→ Exercise aim: Word for word, repeat the data that follows. Do not include the pictures.

Data excerpt START

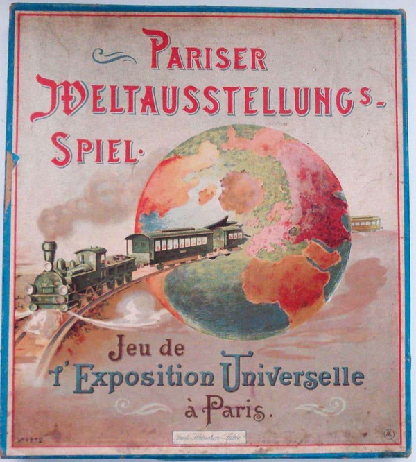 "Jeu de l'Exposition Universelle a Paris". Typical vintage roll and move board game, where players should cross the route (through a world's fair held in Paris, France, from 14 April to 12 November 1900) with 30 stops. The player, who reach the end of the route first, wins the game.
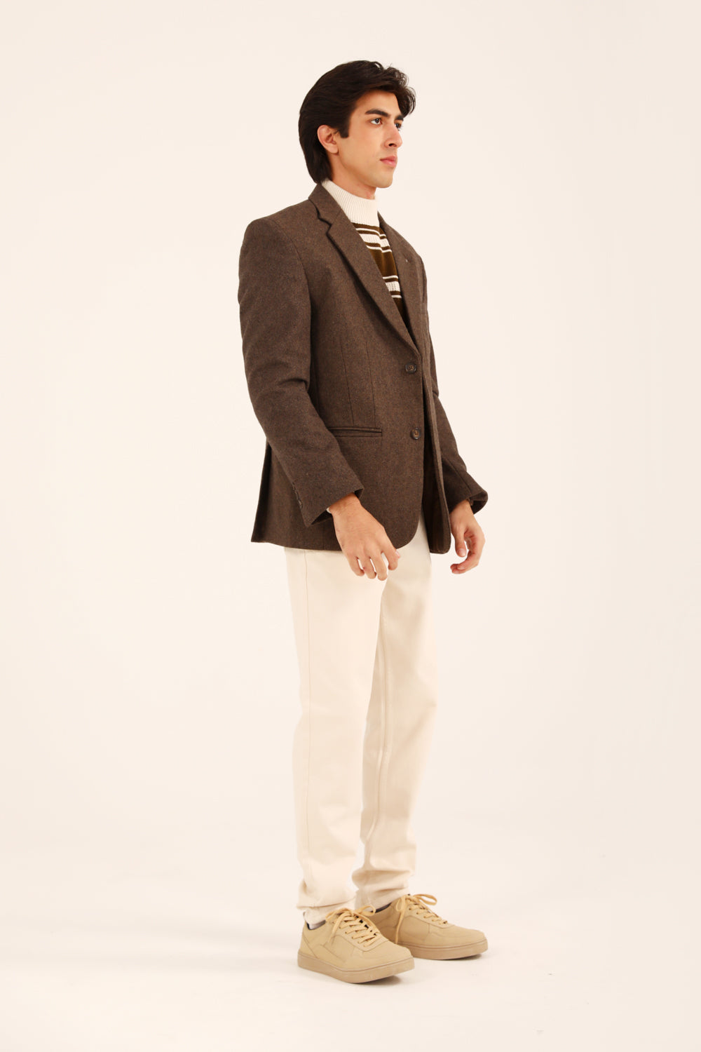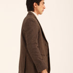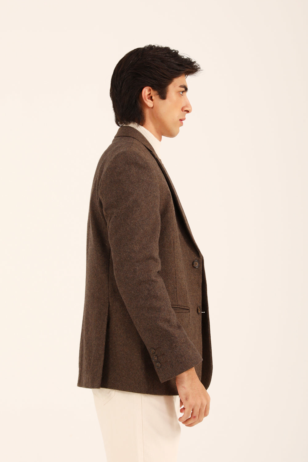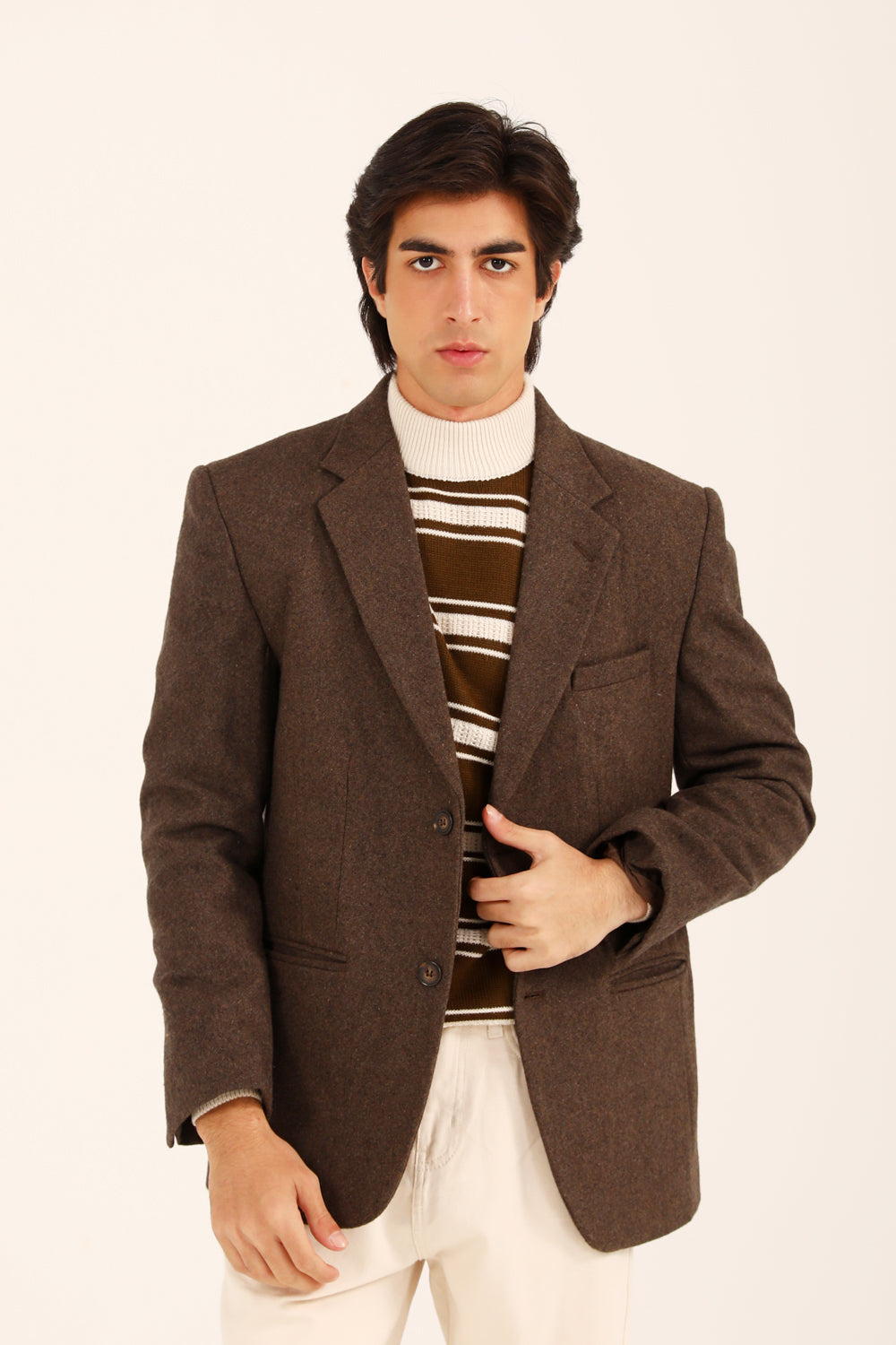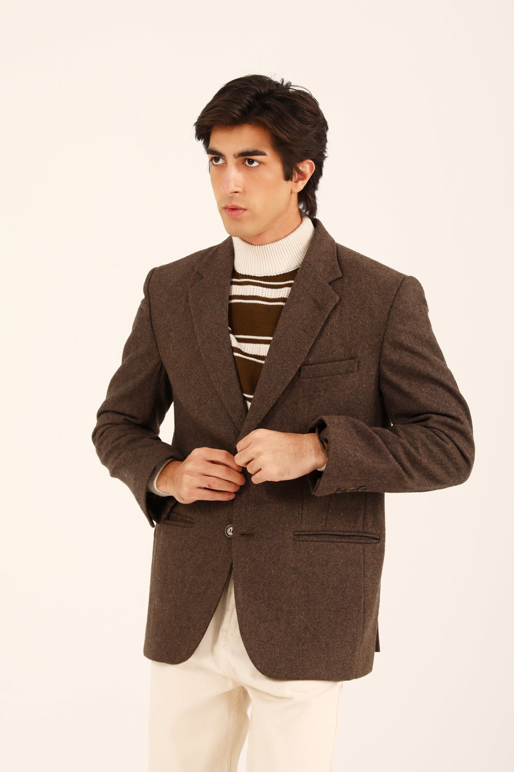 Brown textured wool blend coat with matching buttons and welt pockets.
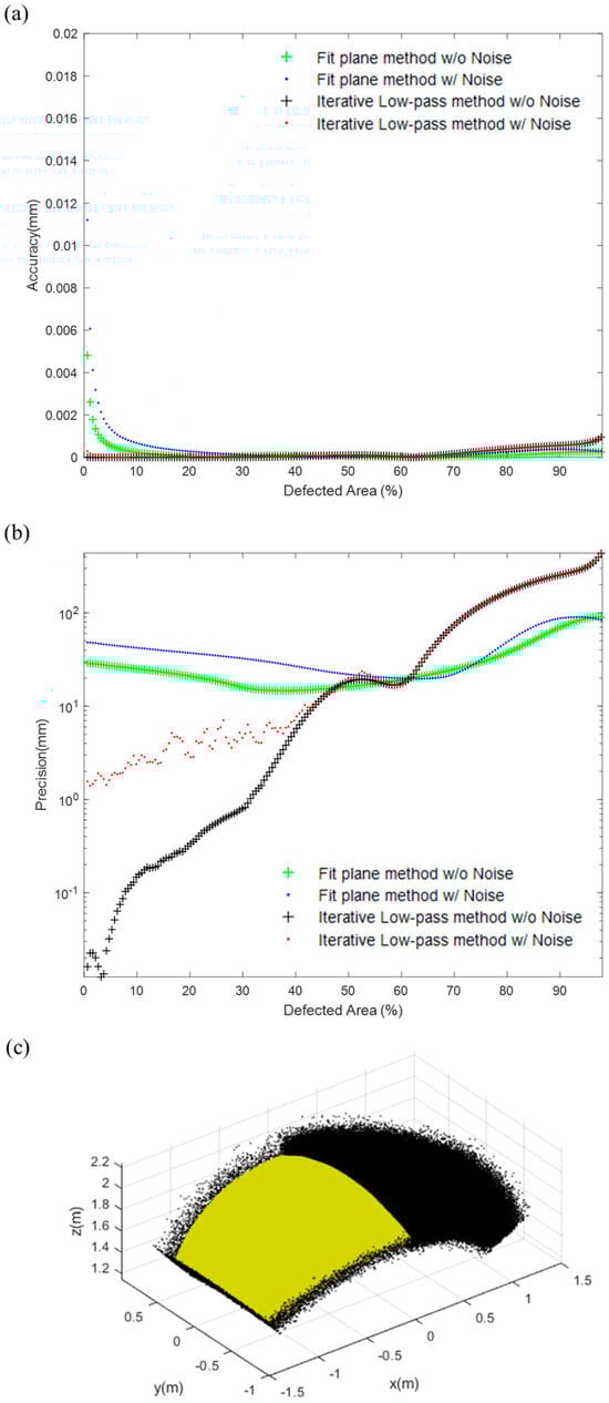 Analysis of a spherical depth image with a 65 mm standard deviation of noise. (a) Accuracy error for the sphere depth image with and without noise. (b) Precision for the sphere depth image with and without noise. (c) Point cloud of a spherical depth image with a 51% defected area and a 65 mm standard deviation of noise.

Data excerpt END

→ Output for this exercise:
 "Jeu de l'Exposition Universelle a Paris". Typical vintage roll and move board game, where players should cross the route (through a world's fair held in Paris, France, from 14 April to 12 November 1900) with 30 stops. The player, who reach the end of the route first, wins the game.
 Brown textured wool blend coat with matching buttons and welt pockets.
 Analysis of a spherical depth image with a 65 mm standard deviation of noise. (a) Accuracy error for the sphere depth image with and without noise. (b) Precision for the sphere depth image with and without noise. (c) Point cloud of a spherical depth image with a 51% defected area and a 65 mm standard deviation of noise.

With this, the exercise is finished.